## WHAT THIS TASK INVOLVES
Your task is to copy exactly the lines from the line containing "Using two-stage compression" through the end of the listing below, with pictures left out.

## DATA BLOCK
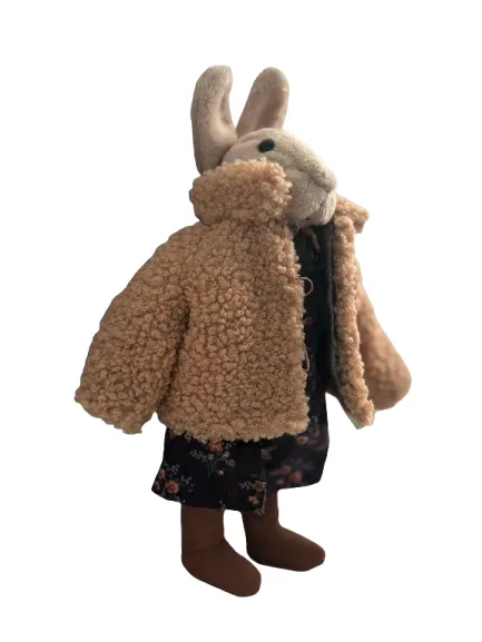 The bunny wears a textured tan coat that adds depth and interest. The coat features wooden-style buttons that give it a timeless and cozy feel. Underneath, a dark floral dress adds contrast and a touch of vintage charm. Together, these layers create a balanced and thoughtful design. In addition, the brown boots complete the outfit and give the bunny a grounded, finished look.
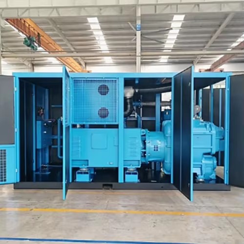 Using two-stage compression with intercooling technology. The air is compressed twice and cooled between stages, making the compression process closer to isothermal compression and reducing energy loss. Compared with ordinary single-stage power frequency machines of the same power, it can save 10%-25% energy.
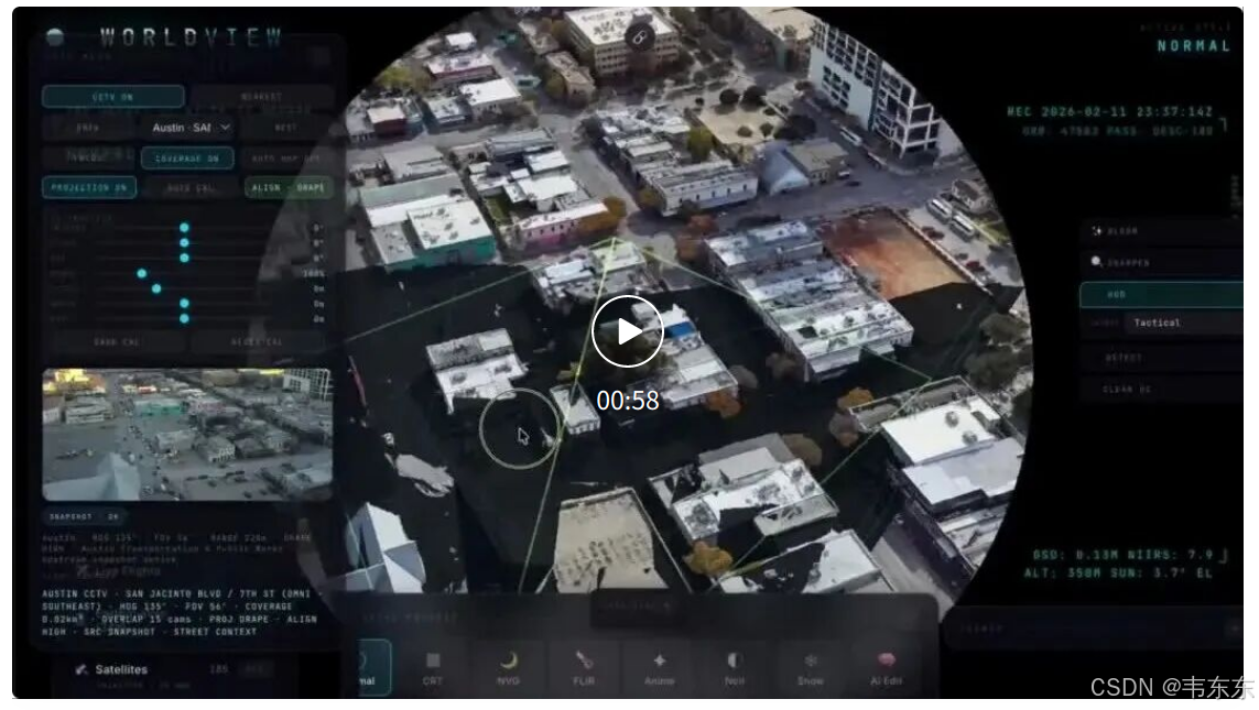 在一个 3D 地球仪上,你可以逐分钟回放整个打击行动的展开过程——德黑兰上空的空域清理、地面打击坐标锁定、9 个国家被划为禁飞区、观测卫星飞越打击区域。他原话说的是:无需"专有数据融合",一位拥有公共信号且热爱计算机图形和地理空间智能的开发者,就能构建出如此完整的图像。(感兴趣的盆友可以去 X 上搜 Bilawal Sidhu,或者直接访问 worldview4d.com,WorldView 平台预计四月公开发布。)

## EXERCISE RESULT
 Using two-stage compression with intercooling technology. The air is compressed twice and cooled between stages, making the compression process closer to isothermal compression and reducing energy loss. Compared with ordinary single-stage power frequency machines of the same power, it can save 10%-25% energy.
 在一个 3D 地球仪上,你可以逐分钟回放整个打击行动的展开过程——德黑兰上空的空域清理、地面打击坐标锁定、9 个国家被划为禁飞区、观测卫星飞越打击区域。他原话说的是:无需"专有数据融合",一位拥有公共信号且热爱计算机图形和地理空间智能的开发者,就能构建出如此完整的图像。(感兴趣的盆友可以去 X 上搜 Bilawal Sidhu,或者直接访问 worldview4d.com,WorldView 平台预计四月公开发布。)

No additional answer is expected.